> [The records]
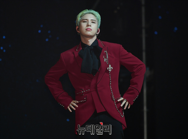 5인조 아이돌그룹 에이스(A.C.E) 와우가 29일 오후 서울 광진구 예스24라이브홀에서 열린 3번째 미니앨범 '언더 커버 : 더 매드 스쿼드' 쇼케이스에서 포토타임을 갖고 있다.
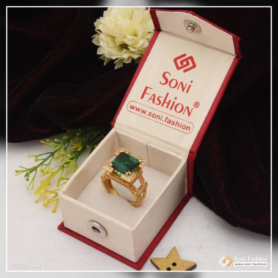 1 Gram Gold Plated Green Stone with Diamond Best Quality Ring for Men - Style B201
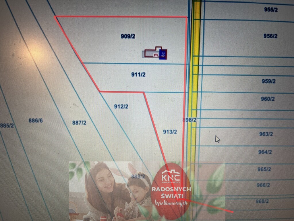 - działka o kształcie trójkąta o dłuższym boku długości 150 m wzdłuż drogi asfaltowej i krótszym o dł. 99m. Działka na lekkim wzniesieniu o płaskim terenie z pięknym widokiem wokół.
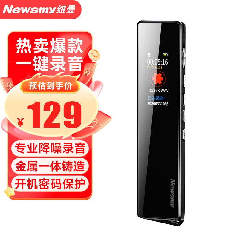 纽曼录音笔 V03 16G 专业录音设备 高清降噪 长时录音 学习培训交流 商务办公会议 录音器 哑黑价格:159.00元!
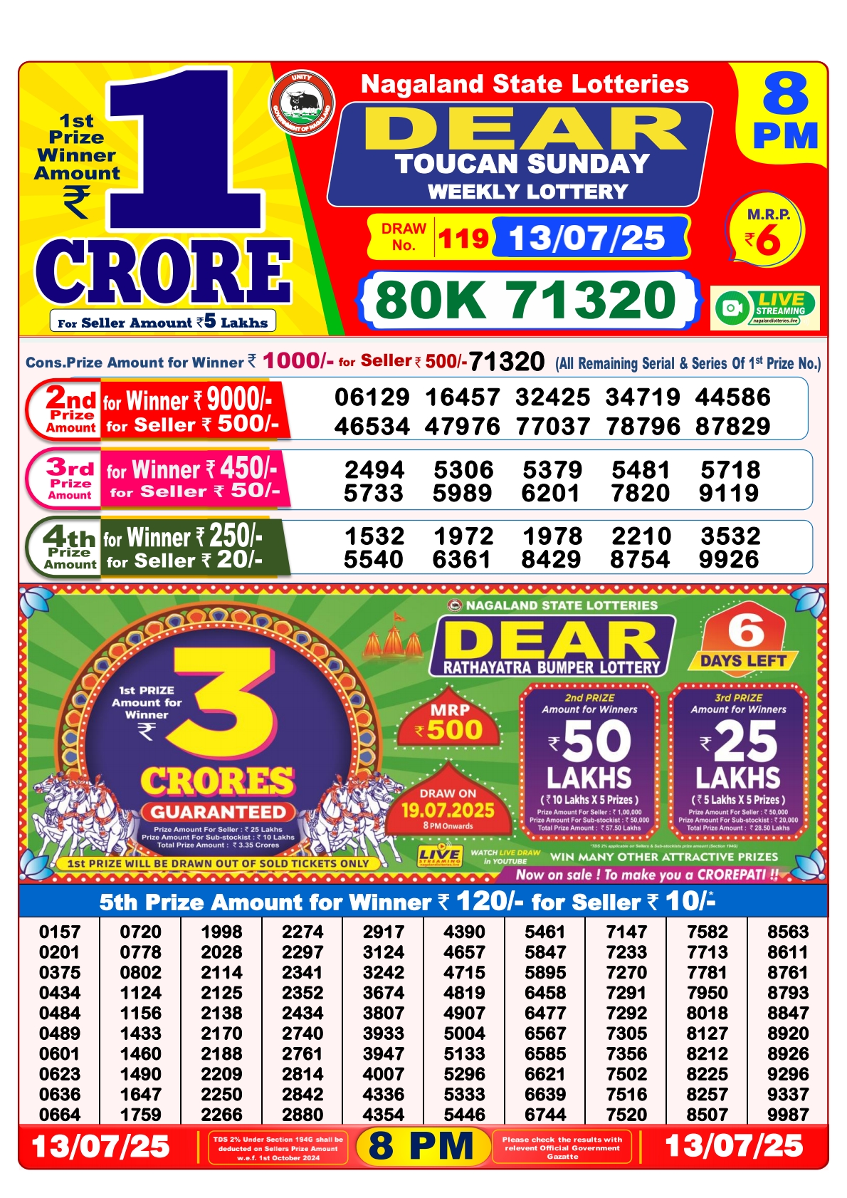 डिअर लाटरी का रात 8 बजे का रिज़ल्ट दिनांक 13.11.25
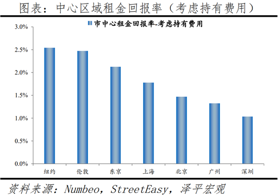 国际核心城市普遍征收房地产税、且物业费等较高,持有成本明显高于中国内地。在不考虑房地产税从个人收入所得税中扣除情况下,纽约市房地产税率为0.8%,市中心物业费约为104元/平方米/月,外围区物业费约为80元/平方米/月;除此之外,业主还需根据房产面积和档次的不同,每年缴纳1000-5000美元的房屋保险费。伦敦业主需要缴纳市政税,约占房价的0.3%-1.2%,实际税率随房价上升而下降,伦敦市中心物业费约为44元/平方米/月,外围区物业费约为23元/平方米/月。东京业主每年需要缴纳房屋评估价1.4%的不动产税和0.3%的市政建设税,房屋评估价约为售价的20%,市中心和外围物业费分别为22元/平方米/月、13元/平方米/月。中国内地除上海和重庆作为试点外尚未推出房地产税,而且物业费较低,北京、上海、深圳市中心的物业费约为4.3元/平方米/月,外围区物业费约为3.5元/平方米/月,广州市中心物业费为2.9元/平方米/月,外围区物业费为2.4元/平方米/月。
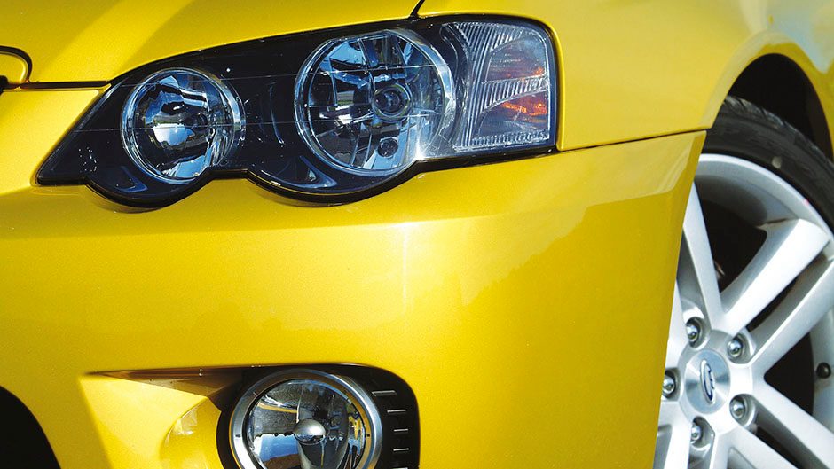 Are things getting weirder at HSV since ring-in designer, Ian Callum, left for Jaguar pastures? Will we remember the last Callum-shaped Clubsport – the VX version – as the prettiest? The latest VY Clubsport is as radical to view as any Bangle-Beemer, with its vertically-slotted bumpers and a front bib that looks like it’s already lost an argument with a telephone pole. Meanwhile, Ford errs on the side of conservatism with the FPV GT. Although the front bumper adds pizzazz (looking for all the world like an enlarged version of that of the Focus ST170) and the substantial rear wing an ambience of Bathurst in October, the side skirts are less aggressive-looking than the XR8’s. Meanwhile, the FPV’s 18” wheels are the same size as those worn by a Commodore SS.
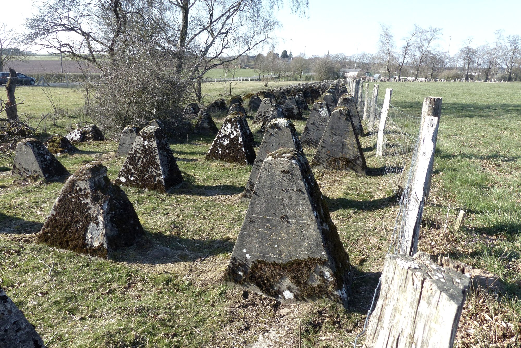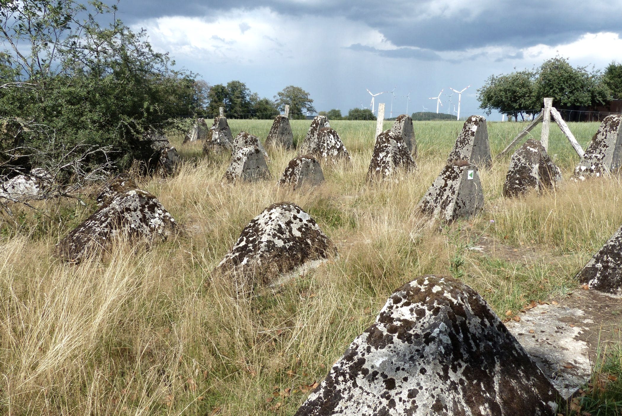 In the Großkampenberg, Leidenborn and Kesfeld areas, 115 bunkers and around 6 kilometers of cusp line were built. The highly visible cusp line shapes the image of the west wall up to the present day.
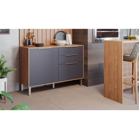 Descrição Balcao Cozinha Divina 120m 100% MDF c/ 2 Portas 2 Gavetas Freijo Titanium MGM
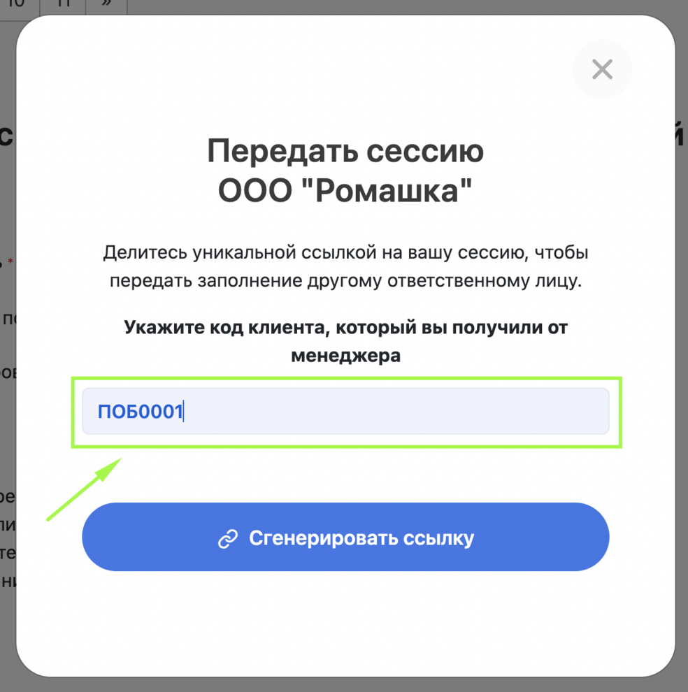 Чтобы передать текущую сессию предусмотрена генерация уникальной ссылки, которую на следующих шагах вы сможете отправить прямо на почту получателю. Для этого введите в поле код клиента, который вы указывали при оплате ранее.
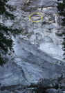 An annotated photo of steep rock cliff indicating the rock fall source area location with a yellow circle.
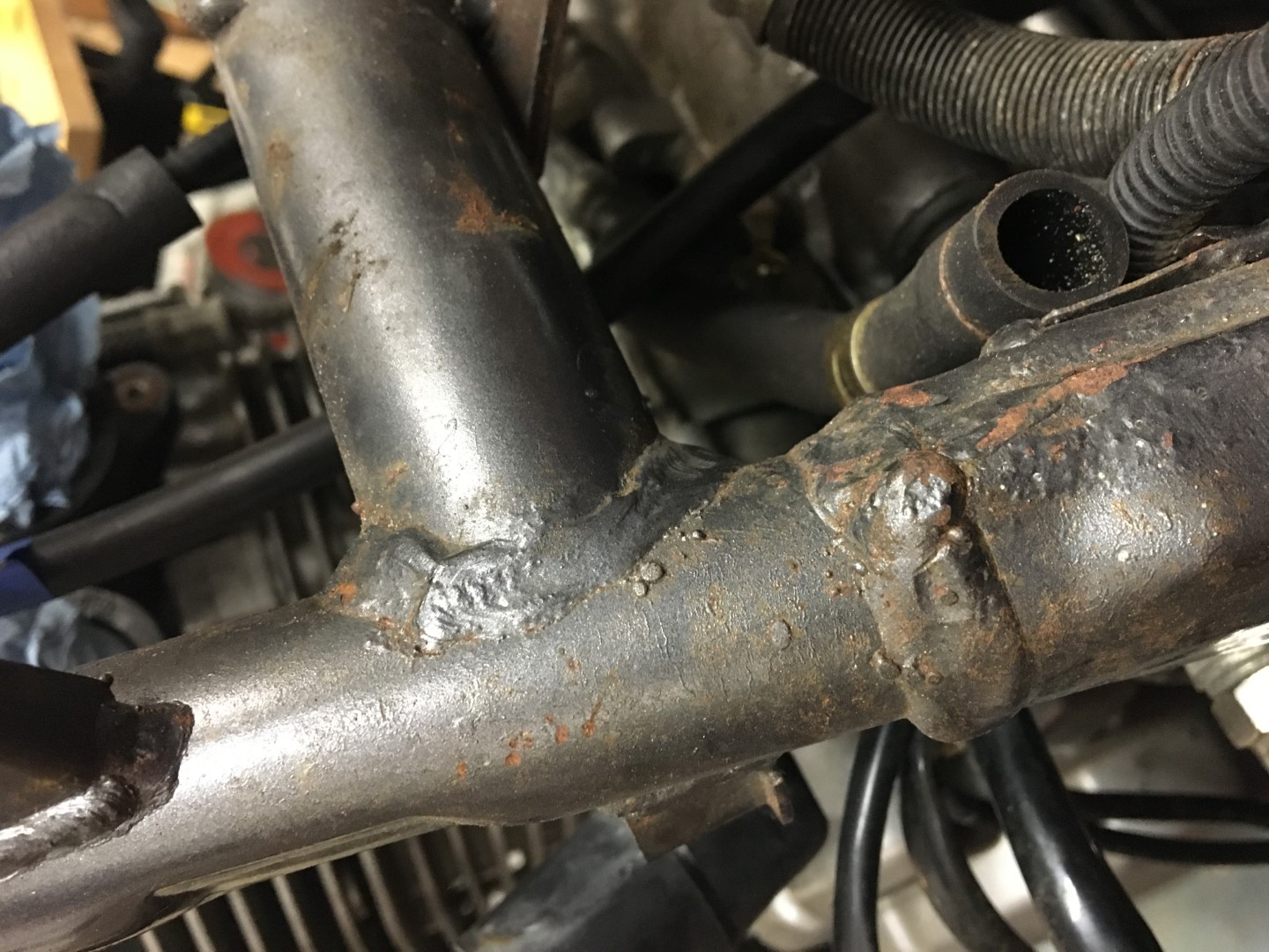 Zum Vergleich habe ich nur unsere Honda CB von '77 und die Monkey von '76. Da sehen die Schweißnähte deutlich ordentlicher aus.

> [What is expected] Beginning at the line that contains "Descrição Balcao Cozinha", copy each remaining line of the records exactly, through the final one. Omit the pictures.

> [Answer area]
 Descrição Balcao Cozinha Divina 120m 100% MDF c/ 2 Portas 2 Gavetas Freijo Titanium MGM
 Чтобы передать текущую сессию предусмотрена генерация уникальной ссылки, которую на следующих шагах вы сможете отправить прямо на почту получателю. Для этого введите в поле код клиента, который вы указывали при оплате ранее.
 An annotated photo of steep rock cliff indicating the rock fall source area location with a yellow circle.
 Zum Vergleich habe ich nur unsere Honda CB von '77 und die Monkey von '76. Da sehen die Schweißnähte deutlich ordentlicher aus.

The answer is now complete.